BEGIN DATA RECORDS
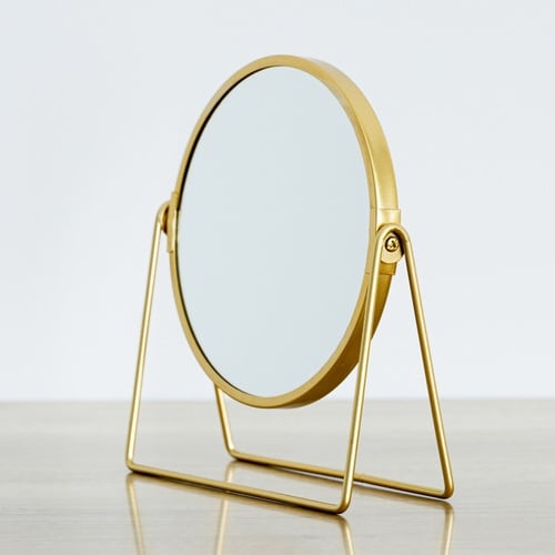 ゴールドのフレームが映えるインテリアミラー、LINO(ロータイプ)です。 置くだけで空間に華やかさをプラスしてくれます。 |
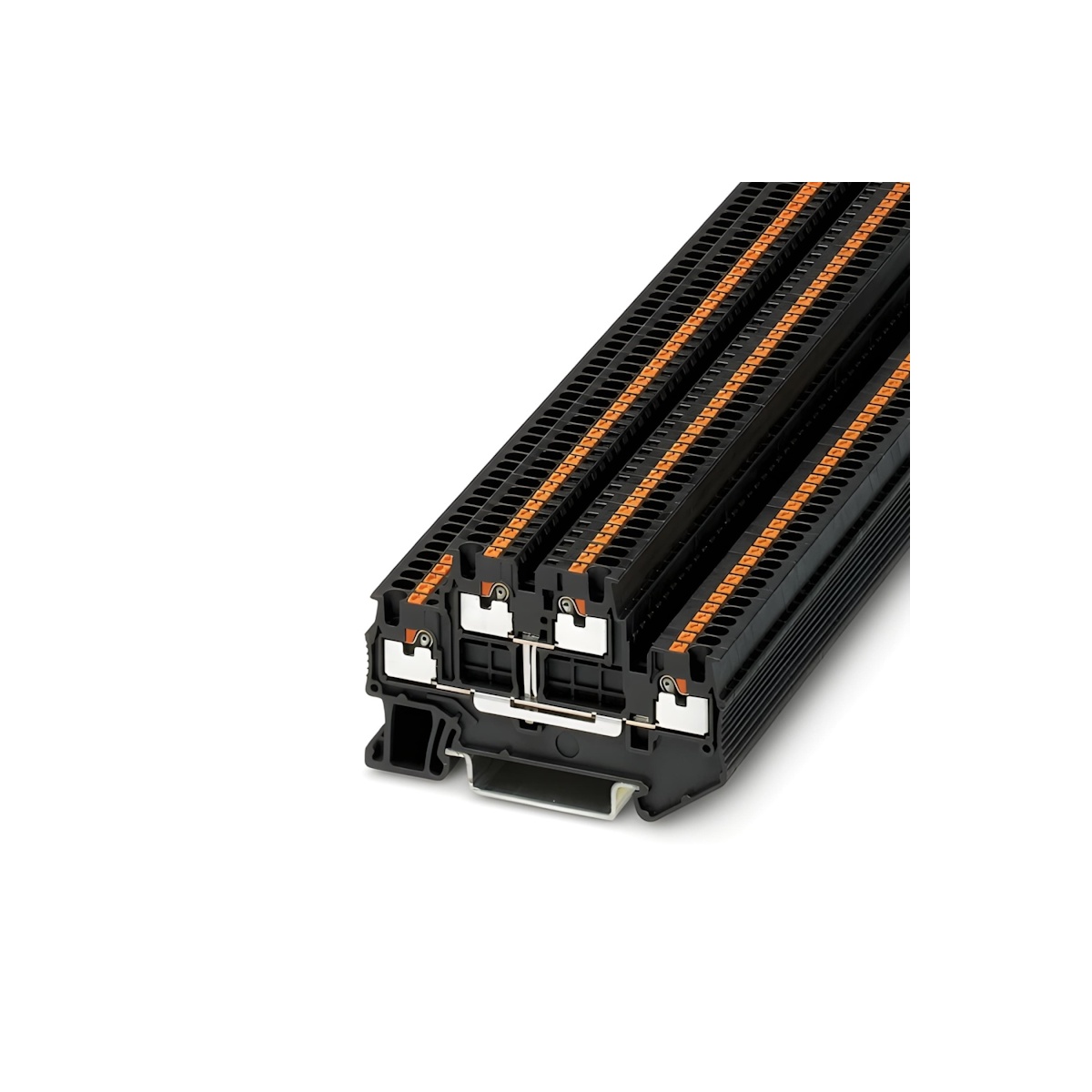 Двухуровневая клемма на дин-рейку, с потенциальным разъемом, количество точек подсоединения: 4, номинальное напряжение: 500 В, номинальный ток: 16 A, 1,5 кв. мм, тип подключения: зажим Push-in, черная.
END DATA RECORDS
BEGIN DATA RECORDS
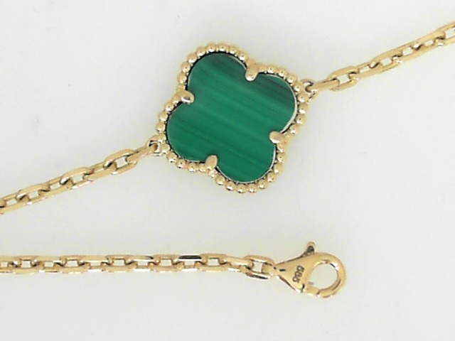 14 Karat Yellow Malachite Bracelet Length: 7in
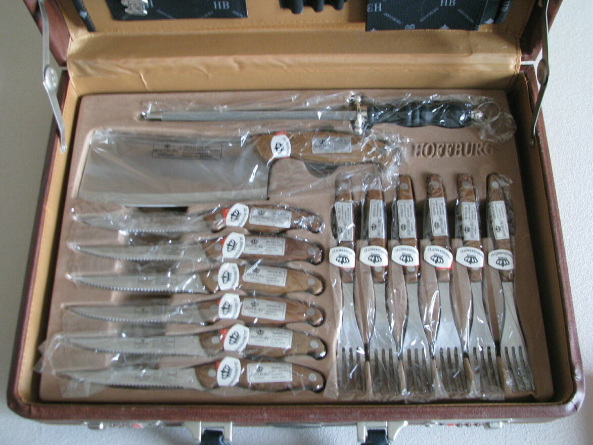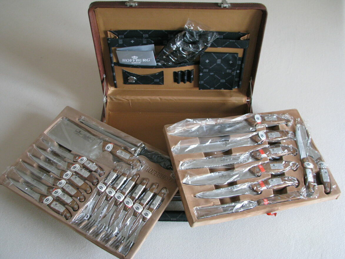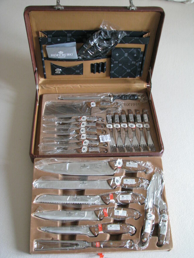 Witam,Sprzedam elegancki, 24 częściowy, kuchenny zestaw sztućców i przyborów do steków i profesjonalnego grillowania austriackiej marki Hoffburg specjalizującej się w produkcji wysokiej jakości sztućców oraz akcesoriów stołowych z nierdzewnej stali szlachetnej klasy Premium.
END DATA RECORDS
Using the data above, transcribe exactly the lines between those containing "ゴールドのフレームが映えるインテリアミラー、LINO(ロータイプ)です。 置くだけで空間に華やかさをプラスしてくれます。 |" and "Двухуровневая клемма на", inclusive, and leave every picture behind.

EXERCISE SOLUTION
 ゴールドのフレームが映えるインテリアミラー、LINO(ロータイプ)です。 置くだけで空間に華やかさをプラスしてくれます。 |
 Двухуровневая клемма на дин-рейку, с потенциальным разъемом, количество точек подсоединения: 4, номинальное напряжение: 500 В, номинальный ток: 16 A, 1,5 кв. мм, тип подключения: зажим Push-in, черная.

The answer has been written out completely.